Question 970274: One gram of Pu-238 generates 0.56 watts of thermal power and has a half life of 87.7 years. The generator that converts thermal power to to electrical power for the probe's instruments operates at 6% efficiency(i.e. 1 watt of thermal power generates 0.06 watts of electrical power). The instruments on the spacecraft require 85 watts of electrical power and need to operate for 19 years to complete the mission.
How many whole grams of Pu-238 are required to complete the mission?
I assumed I should be using either the half life A=Ao(1/2)^(t/h)
But is the A grams or watts?
Or should I be using the interest formula?
I am having trouble setting up the problem. Thanks!

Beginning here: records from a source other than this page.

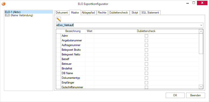 Auf dem Reiter "Maske" kann ein Benutzer die gewünschte ELO Maske auswählen, um dort den einzelnen Indexzeilen Werte zuordnen und festzulegen, ob diese Indexzeile für den Dublettencheck verwendet wird.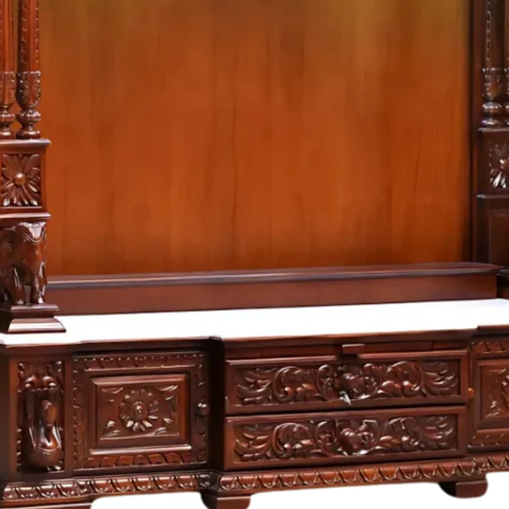 Aarunya Teak Wood Mandap by DZYN Furnitures is a beautiful and big temple made of pure teak wood. It is dark brown in color and looks very grand. This big home temple has a magnificent spire, hand-carved arch, dome-like side pillars and beautiful lattice panels. A large drawer is also provided below in which all the puja items can be kept. This big size wooden temple is very strong and has a length of 54 inches, a width of 23 inches and a height of 70 inches. This temple is perfect for large mandir for home. Its glossy finish and strong base make it special. Just a dry cloth is enough to clean it. People searching for large pooja mandir will definitely like it. Peace and devotion will overflow every corner of your house while worshipping in front of this big home temple for home.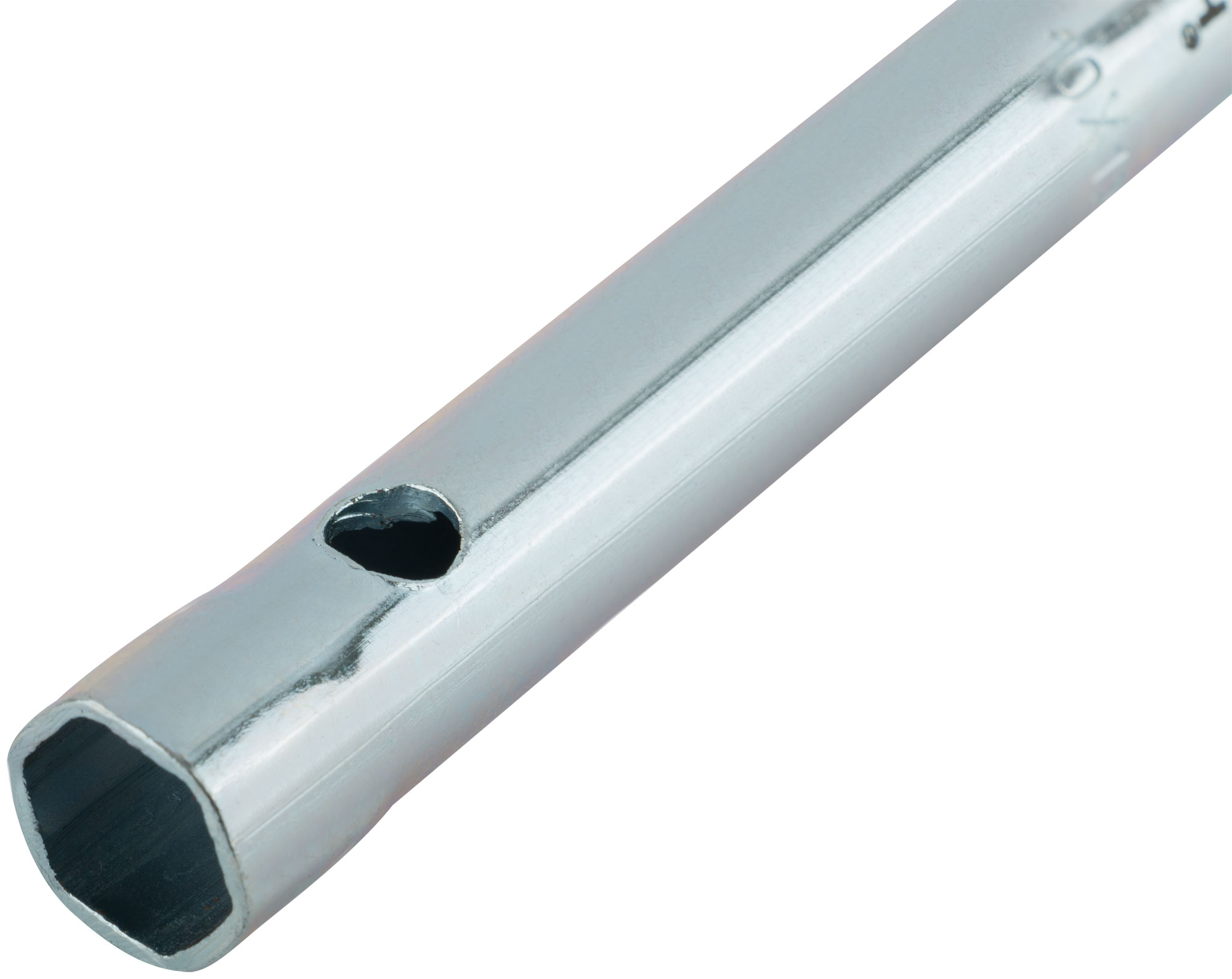 Ключ изготовлен из прочной инструментальной стали, что обеспечивает высокую долговечность и надежность в сложных условиях использования. Общая длина ключа составляет 130 мм, что позволяет работать в труднодоступных местах.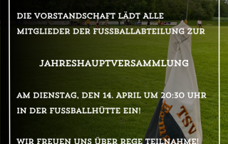 Die Vorstandschaft lädt alle Mitglieder der Fußballabteilung zur Jahreshauptversammlung am Dienstag, den 14. April 2026 um 20:30 Uhr in der Fußballhütte ein! Wir freuen uns über rege Teilnahme! Die Einladung findet ihr HIER. [...]

Answer by ankor@dixie-net.com(22740)   (Show Source):
You can put this solution on YOUR website! One gram of Pu-238 generates 0.56 watts of thermal power and has a half life of 87.7 years. The generator that converts thermal power to to electrical power for the probe's instruments operates at 6% efficiency(i.e. 1 watt of thermal power generates 0.06 watts of electrical power). The instruments on the spacecraft require 85 watts of electrical power and need to operate for 19 years to complete the mission.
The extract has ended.